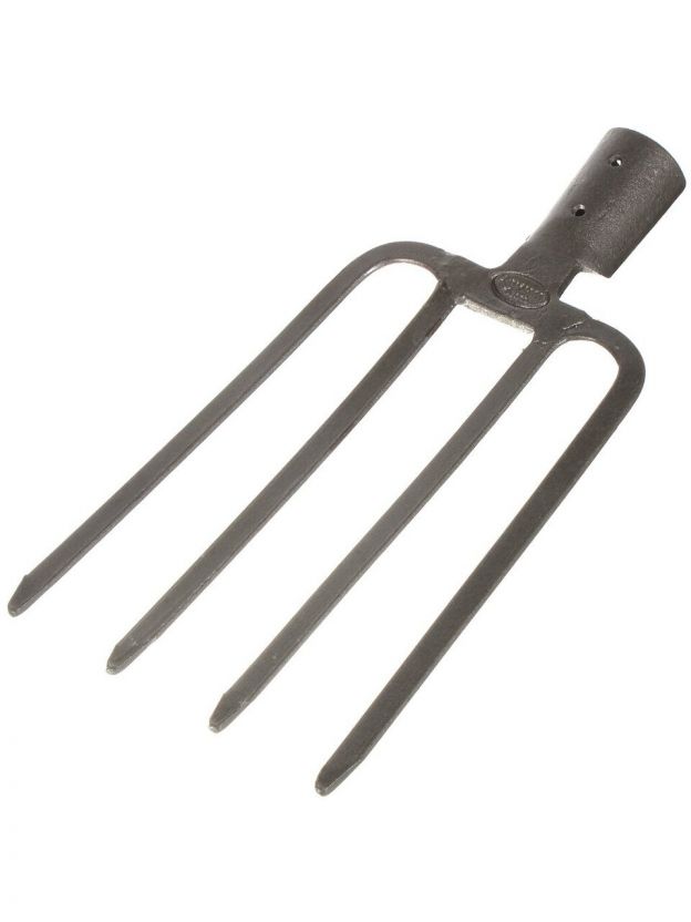 Вилы четырехрогие выполнены из закаленной стали. Заостренные зубцы легко проникают в грунт, снижая нагрузку на ногу.
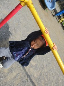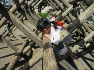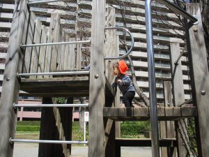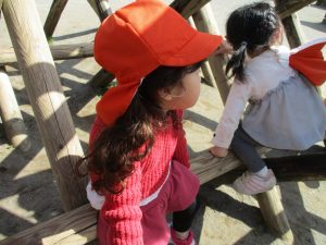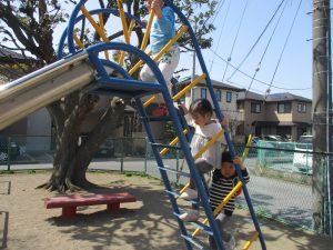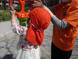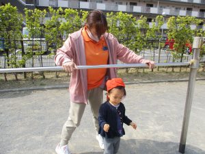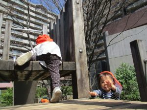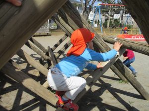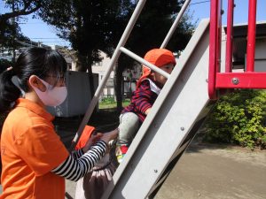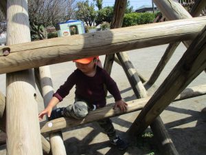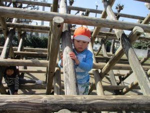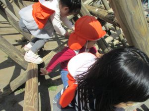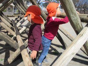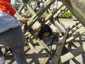 2歳児さんは宮本台公園まで足を運び、固定遊具で思い切り体を動かしました!
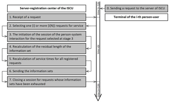 In such a model, the registered request can be selected for service with probability , the value of which is determined only by the number of registered requests in the queue. It should be noted that the active session of the person–system interaction, initiated by the registration center server of ISCU to satisfy the request, cannot be interrupted at each quantum of time, and must end correctly after the transmission of the entire information package (this condition is easier to meet the more quanta of time duration and average time for servicing one request, i.e., transmission of one block of data).
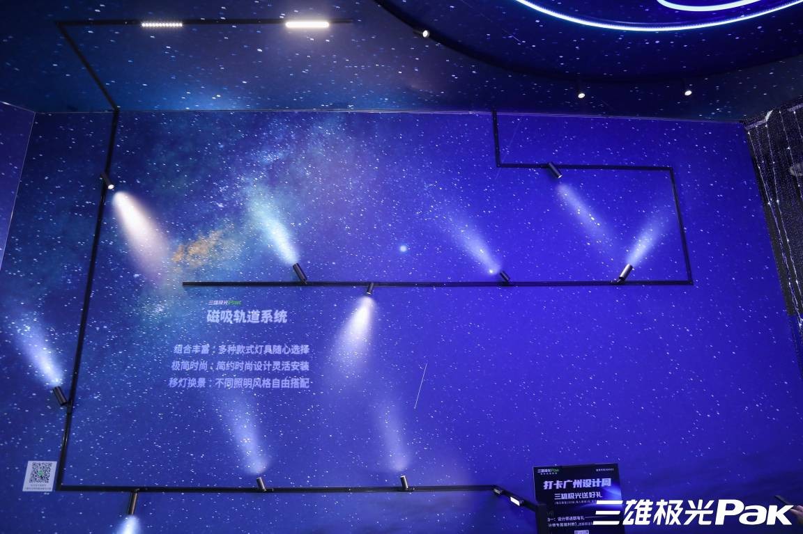 星际美奂如斯,带给我们的感觉是艺术的、浪漫的、科幻的、舒适的。在三雄极光这场“星空大秀”里,巧妙地将蔚蓝灯、磁吸灯、软灯带、型材灯、智能照明系统等产品融入其中,极简设计颜值在线,灵活多变光影幻变,让观众在产品设计中感受畅游银河星际的深邃与神秘,碰撞出更为曼妙神奇的灵感与火花。

● ● ● ●

Directions for this task:
The lines running from the beginning of the listing above through the line that holds "In such a model, the" are to be duplicated exactly, both ends kept, pictures omitted.

Result of the exercise:
 Вилы четырехрогие выполнены из закаленной стали. Заостренные зубцы легко проникают в грунт, снижая нагрузку на ногу.
 2歳児さんは宮本台公園まで足を運び、固定遊具で思い切り体を動かしました!
 In such a model, the registered request can be selected for service with probability , the value of which is determined only by the number of registered requests in the queue. It should be noted that the active session of the person–system interaction, initiated by the registration center server of ISCU to satisfy the request, cannot be interrupted at each quantum of time, and must end correctly after the transmission of the entire information package (this condition is easier to meet the more quanta of time duration and average time for servicing one request, i.e., transmission of one block of data).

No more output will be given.